No, there is are no benefits or recovery for pain and suffering in a workers’ compensation claim.
The insurer wants to settle my case and to set up a Medicare Set-Aside account. What is that?
A Medicare Set-Aside account or MSA is used when you are eligible or it appears you will be eligible for Medicare either as a result of receiving Social Security Disability Income benefits or because you are entitled due to your age. Medicare is not supposed to pay for treatment which you have received as a result of your injury. The amount of the MSA is an estimate of how much your future medical treatment for your work injury will cost. After settlement, you must place the money for the MSA into a separate account to be used only for payment of medical treatment and related expenses arising from your work injury. Your failure to properly use this money and account for it can result in a denial of Medicare benefits for other non-work related medical treatment.
Do I have to remain in Georgia in order to get Workers' Compensation benefits in my claim?
No. You can continue to receive your weekly benefits no matter where you are living. The insurer must provide you a doctor convenient to your new residence.
Can I be fired for making a Workers' Compensation claim?
Yes, under Georgia law. Georgia is an employment at will state. In general, unless you have an employment contract or are the victim of discrimination, you can be fired for any reason. The Georgia legislature rejected a bill preventing such firing for making a claim many years ago.
Am I personally responsible for my medical bills as a result of my work injury?
Not if you have an accepted claim and if you have seen the authorized treating physician. Georgia law prohibits the medical provider from billing you for such services.
I am applying for Social Security Disability Benefits. If I get them, will they be reduced because I am receiving Georgia Workers' Compensation benefits?
Perhaps. The total of your workers’ compensation benefits and your social security disability benefits cannot exceed 80% of your average monthly or current earnings. Usually, when your workers’ compensation case is settled, the documentation of the settlement agreement can be drawn so as to recoup a large portion of this lost offset.
I think someone from the insurance company is watching me. Can they do this?

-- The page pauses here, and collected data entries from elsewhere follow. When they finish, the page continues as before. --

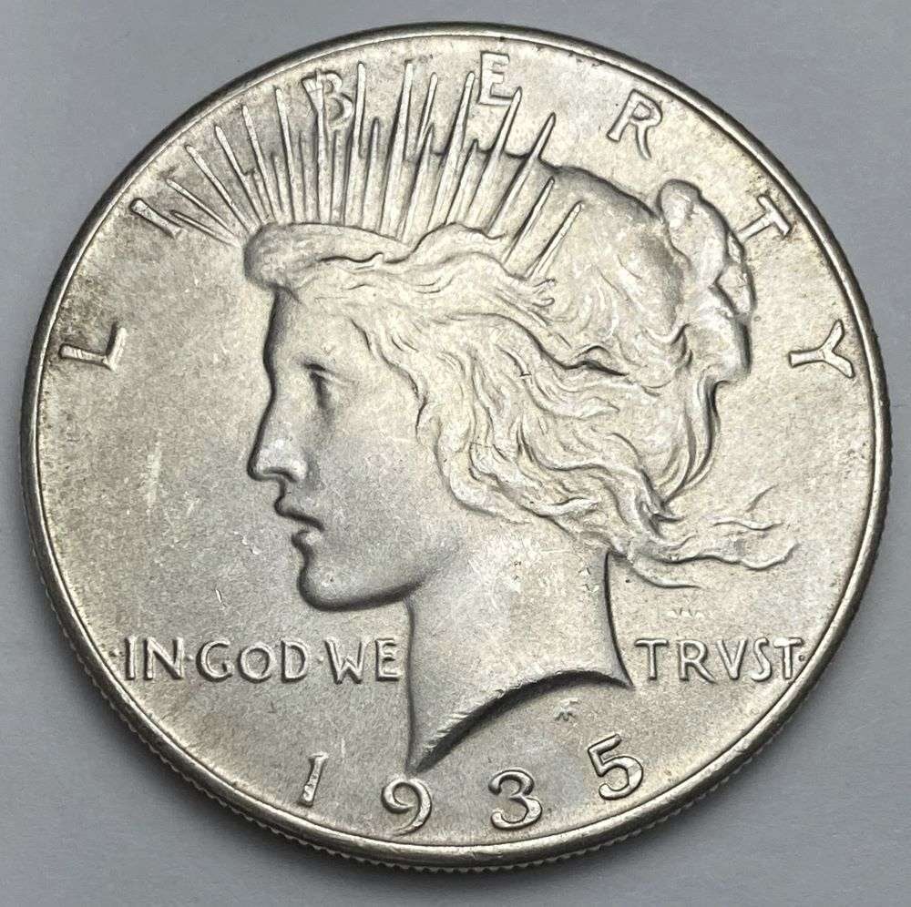 Sold1935 Peace Silver Dollar MS66IMPORTANT NOTE: We do not agree with the grade provided with this "off-brand" grading company. Winner shall receive the exact coin shown here. (RR)See Sold Price
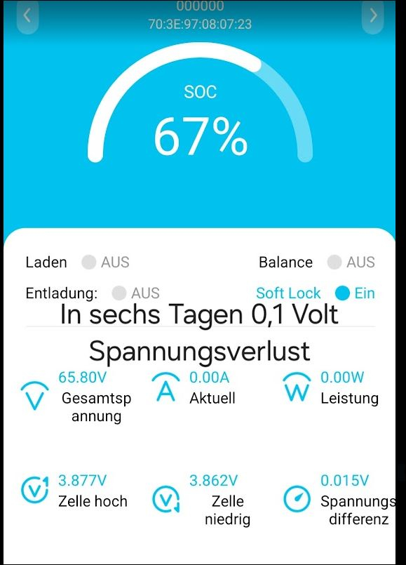 Hier der aktuelle Stand des Akkus, sehr erfreulich. Bei max ca 65 Volt beträgt der Spannungsverlust pro Monat unter 1,0 Volt. :D
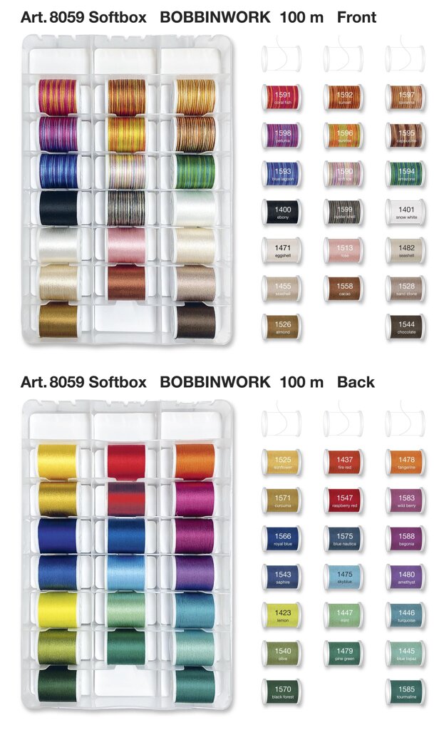Vyšívacie nite Madeira Bobbinwork (40x100m) je prenosný plastový box, ktorý obsahuje 40 ks silných vyšívacích nití Decora č.6 v návine 100 m.
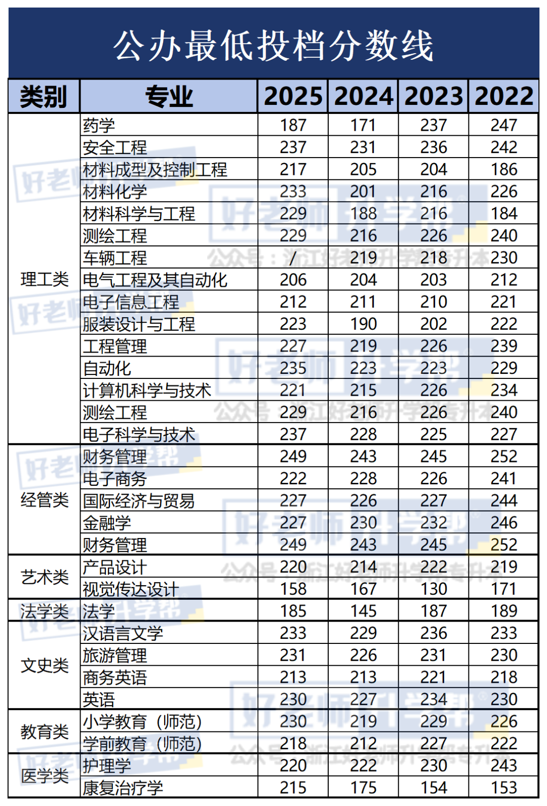 导读:学姐整理了2025浙江所有公办院校专升本招生情况,同时为大家整理了公办院校近四年来(2022-2025)的最低录取线的分数变化
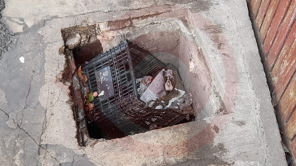 Huejutla, Hgo. – Habitantes de la población, expresaron que, en diferentes calles de colonias, hay sobre las banquetas tapaderas de drenajes colapsadas, lo cual es un peligro latente para los transeúntes, en especial para personas de la tercera edad y niños.

Yes. It is legal to perform surveillance. The insurance company in your case is likely to be trying to see if your restrictions are less than you and your doctor say they are or catch you lying about the extent of your injuries. Avoid doing any strenuous activity outside beyond what the doctor tells you. Even when we are in pain sometimes we extend ourselves and do things that may cause us pain because it is for a very short period of time and we have no one to help us. The insurer will try to make it look like there is nothing wrong with you. While you may be able to bend over and pick something up once, this does not mean that you can do it all day. They may make a videotape that may be very misleading. Be smart and protect your rights in your case.
Can the insurance company force me to settle my claim?
No, it cannot. And the reverse is also true: you cannot force an insurance company to settle your claim. Only when both sides reach an agreement on the terms of a settlement, the agreement is put into a Stipulation and presented to the State Board for approval. Once approved, the settlement is final and your claim can be officially closed. You will not be able to re-open your case if you change your mind after the settlement is approved by the State Board.